Setting Up Email
This guide walks the reader from a blank email mailbox to a Beach-driven inbox where the orchestrator reads each incoming message, runs through its tool loop, and replies with a properly threaded RFC 5322 email — subject, In-Reply-To, References — all correct.
The wiring uses three packages:
@cool-ai/beach-channel-email— IMAP polling inbound and SMTP outbound.@cool-ai/beach-format-email— turns the orchestrator's settled parts into a MIME-shaped artefact (HTML and plain text).@cool-ai/beach-core— theManifestthat gates "send only when ready".
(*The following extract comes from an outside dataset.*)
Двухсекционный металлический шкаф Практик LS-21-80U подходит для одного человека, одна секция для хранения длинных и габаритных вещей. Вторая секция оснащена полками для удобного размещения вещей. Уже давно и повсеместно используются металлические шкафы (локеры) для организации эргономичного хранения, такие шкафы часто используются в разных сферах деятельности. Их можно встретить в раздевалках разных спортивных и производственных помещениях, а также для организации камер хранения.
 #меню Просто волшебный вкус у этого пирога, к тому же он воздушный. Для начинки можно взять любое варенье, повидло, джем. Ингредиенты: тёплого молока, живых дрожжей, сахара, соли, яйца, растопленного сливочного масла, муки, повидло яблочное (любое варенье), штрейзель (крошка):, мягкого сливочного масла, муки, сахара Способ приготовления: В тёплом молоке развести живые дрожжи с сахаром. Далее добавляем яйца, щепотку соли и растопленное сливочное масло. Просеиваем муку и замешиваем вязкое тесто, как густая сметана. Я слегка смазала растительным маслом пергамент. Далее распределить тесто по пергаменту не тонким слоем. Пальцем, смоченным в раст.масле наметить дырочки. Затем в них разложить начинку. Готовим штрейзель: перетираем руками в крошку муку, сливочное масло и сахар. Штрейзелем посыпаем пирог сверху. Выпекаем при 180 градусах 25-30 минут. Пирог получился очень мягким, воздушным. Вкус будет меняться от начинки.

A Beach orchestrator is assumed to be wired already. See Getting Started for the basics; this guide concerns the email-specific pieces.
Install
npm install \
@cool-ai/beach-channel-email \
@cool-ai/beach-format-email \
@cool-ai/beach-core \
imapflow mailparser nodemailer
imapflow, mailparser, and nodemailer are peer dependencies of @cool-ai/beach-channel-email. Install them at whatever versions the application prefers.
Pre-flight — what you need
- An IMAP-accessible mailbox (Gmail with an app password, Fastmail, an in-house provider — anything
imapflowcan reach). - An SMTP server, ideally the same provider, but it can be different.
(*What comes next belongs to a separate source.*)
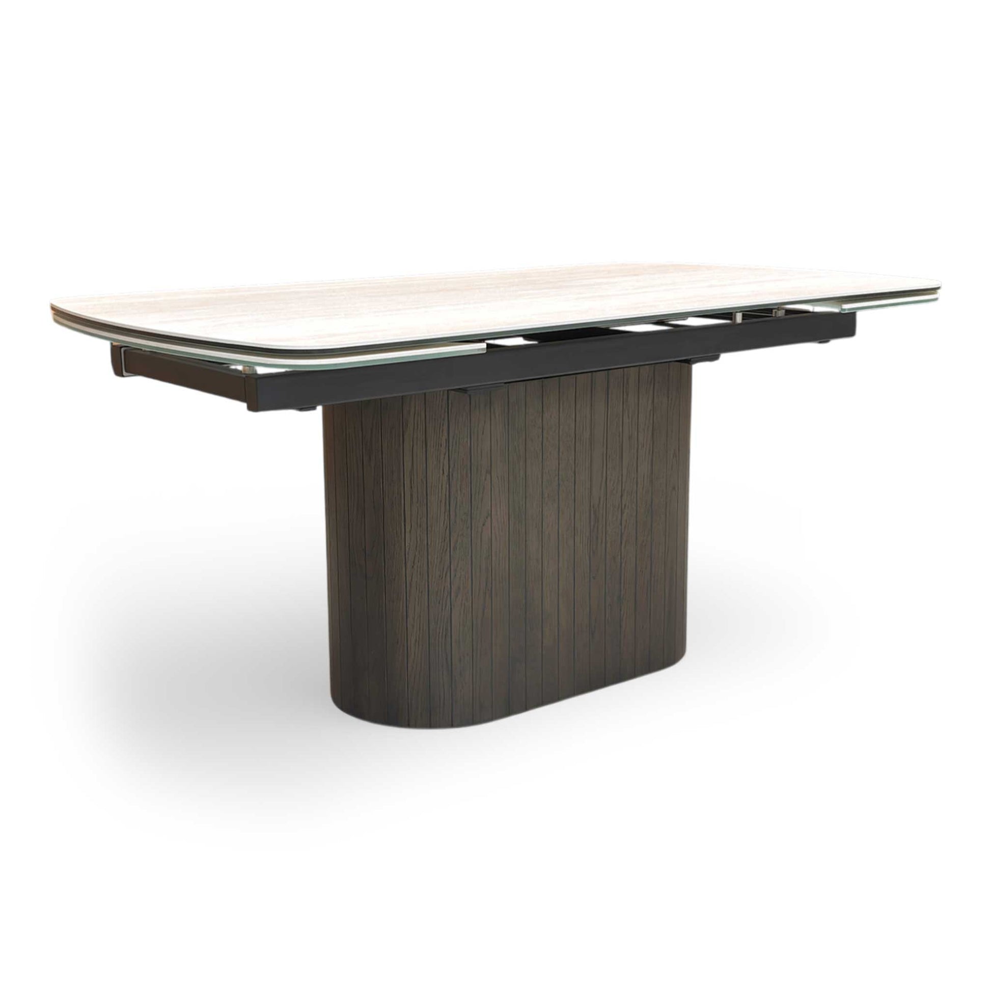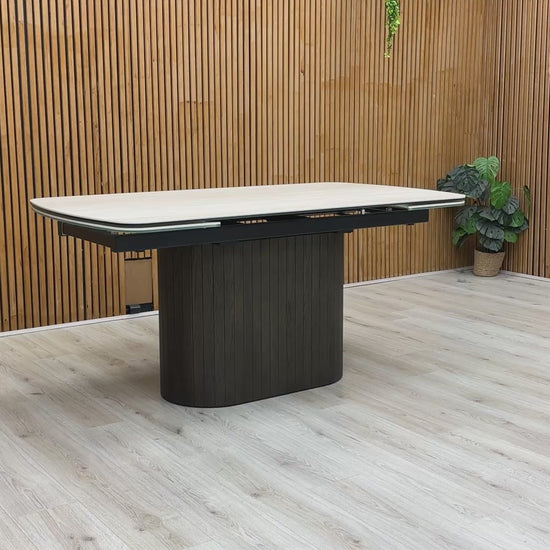 ‘Tiber’ Travertine Ceramic Top 160cm Draw Leaf Extending Dining Table

- A way to persist the last-processed UID across server restarts. Without this, every restart re-processes old mail. Redis is the conventional choice; for a prototype, a JSON file on disk works.
Step 1 — Configure the EmailChannel
import { EmailChannel } from '@cool-ai/beach-channel-email';
import Redis from 'ioredis';
const redis = new Redis();
const emailChannel = new EmailChannel({
id: 'email',
imap: {
host: 'imap.example.com',
port: 993,
secure: true,
auth: { user: 'agent@example.com', pass: process.env.IMAP_PASS! },
mailbox: 'INBOX',
},
smtp: {
host: 'smtp.example.com',
port: 587,
secure: false,
auth: { user: 'agent@example.com', pass: process.env.SMTP_PASS! },
from: 'agent@example.com',
},
pollIntervalMs: 60_000,
uidState: {
get: async (mailbox) =>
redis.get(`beach-email:lastUid:${mailbox}`)
.then((v) => (v ? Number(v) : undefined)),
set: async (mailbox, uid) => {
await redis.set(`beach-email:lastUid:${mailbox}`, String(uid));
},
},
onInbound: async (missive) => {
// We will fill this in below.
},
});
The uidState callbacks are how the channel persists what it has already processed. On restart, the channel asks get('INBOX') for the last UID and resumes from there.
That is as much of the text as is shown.